News Corp. Agrees to Buy Consolidated for A$1.9 Billion
News Corp. (NSW) agreed to buy Consolidated Media Holdings Ltd. (CMJ) for A$1.94 billion ($2 billion) to boost its stake in Australian pay television as billionaire Kerry Stokes weighs making a counter-offer.
News Corp., the media company controlled by Rupert Murdoch, agreed to pay A$3.45 a share and investors will also get a six Australian cents a share dividend from the target, Sydney-based Consolidated said in a filing today. Stokes’s Seven Group Holdings Ltd. (SVW), with a 25.3 percent stake, has asked for regulatory clearance to make its own bid.
A completed deal would give Murdoch full ownership of the Fox Sports network in Australia and half of pay-television operator Foxtel, while freeing cash for Consolidated’s 50-percent owner James Packer to expand his gambling investments. Stokes may block News Corp. to maintain his position in the nation’s largest pay-TV business, analyst Mark McDonnell said.
“One way or another Consolidated is going to get sold,” McDonnell, an analyst at BBY Ltd. in Sydney, said by phone. “We just have to work out if it’s a one-horse or a two-horse race.”
Consolidated Media shares declined 0.6 percent to A$3.42 in Sydney, their lowest close in five weeks. The bid is about 1.4 percent below the initial A$3.50 a share indicative offer that New York-based News Corp. made June 20.
News Corp. currently owns 25 percent of Foxtel and 50 percent of Fox Sports, matching the stakes held by Consolidated.
A successful takeover would put Foxtel at the heart of the newspaper and book publishing company which Murdoch is considering separating from News Corp.’s entertainment assets.
Foxtel, in which Australia’s largest phone company Telstra Corp. holds the other 50 percent, has a “near-monopoly” on the country’s pay-television market, according to the nation’s antitrust regulator.

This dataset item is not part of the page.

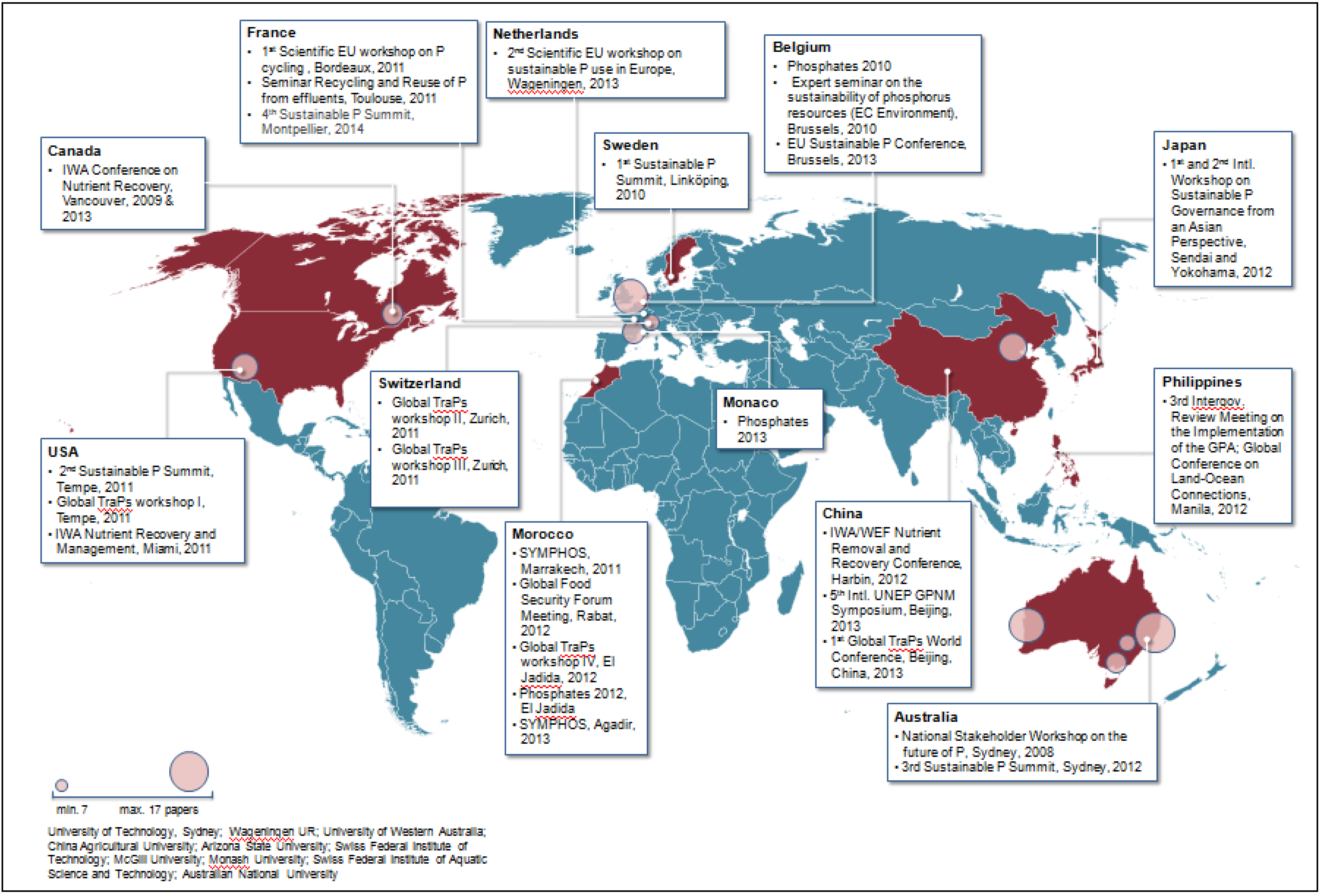 Figure 2 shows the landscape of selected key events from 2008–2014 and illustrates centers of academic P sustainability research. As can be readily seen from the combined components of Figure 1, the paper received wide attention in a variety of scientific fields. This visible diversity may serve to illustrate how broad the topic is. As citations are frequently used to indicate the impact of a study, the large and increasing number of citations the paper received in Scopus suggest a clear growth trend of the topic. Similar conclusions can be drawn from the growing list of “peak P” hits in Google Scholar. In addition, the visualization of Figure 2 gives an overview of world regions where P sustainability is of growing interest. Countries in red represent places that have recently held conferences or meetings relevant to P sustainability. Circles represent geographical “hot spots” in academic P sustainability research. In general, the observed patterns suggest distribution on all continents; however, there is a clear predominance in developed countries.

While News Corp.’s offer has already gained regulatory approval, it remains subject to the support of 75 percent of votes cast at a meeting scheduled for Oct. 31. Stokes could block it if Seven votes all its shares against News Corp.
“This has got to the point now where Stokes will have to play his hand,” Jason Beddow, chief executive officer of Argo Investments Ltd., said by phone from Sydney. The fund is Consolidated’s third-largest shareholder with a 0.3 percent stake, according to data compiled by Bloomberg.
The price is reasonable, Beddow said. “At the end of the day whatever James Packer was going to agree with News was going to be the price,” he said. “If you’re a Consolidated shareholder you know you’re not going to be a player.”
Stokes, who controls Australia’s largest free-to-air television broadcaster, will want benefits in return for giving up a foothold in pay-TV, analyst Fraser McLeish said.
“Seven Group will try to use its position to extract some concessions,” McLeish, an analyst at Royal Bank of Scotland Group Plc., wrote in an Aug. 21 note to clients. Stokes “is unlikely to simply want a higher price. We still see a risk that Seven Group will not be willing to sell,” he wrote.
Simon Francis, a Sydney-based spokesman for Seven Group, didn’t respond to two phone messages and an e-mail seeking comment.
Seven Group’s investments in construction, mining equipment, and banking give it scope to make a competing offer, BBY’s McDonnell said.
“The capacity’s there, the question is whether the appetite will be sharpened enough,” he said. “At A$3.45, all Seven would have to do is offer A$3.50 to make a better offer.”
Stokes’s son Ryan and Seven Group Chief Executive Officer Peter Gammell, who are both board members at Consolidated, didn’t make a recommendation on News Corp.’s bid, according to the target company’s statement.
Kerry Stokes may face regulatory issues if he tries to make a rival bid, according to Jarrod McDonald, an analyst at JPMorgan Chase & Co. The billionaire controls Seven Group through a 67 percent stake, according to data compiled by Bloomberg.
Seven Group has a 33 percent stake in Seven West Media Ltd., Australia’s largest free-to-air broadcaster. A combination of the country’s dominant free-to-air and subscription broadcasters would be a “potential issue” for the ACCC, McDonald wrote in an Aug. 2 note to clients.
The proposed News Corp. (NWSA) takeover would also release about A$970 million to Packer to help his casino company Crown Ltd. (CWN) lift its stake in Echo Entertainment Group Ltd. Packer will support today’s bid, Consolidated said.
“This is a great outcome for CMH shareholders and for News and it reflects a fair price,” Packer said in a statement.
Crown has applied for permission to buy a further 15 percent of Echo, worth about A$528 million at current prices, in addition to the 10 percent it already owns.
The Melbourne-based company wants to build a second casino complex on Sydney Harbour and has been blocked by Echo’s monopoly license in the city. A 25 percent stake in Echo would raise Crown’s leverage with management, who haven’t backed the casino plans.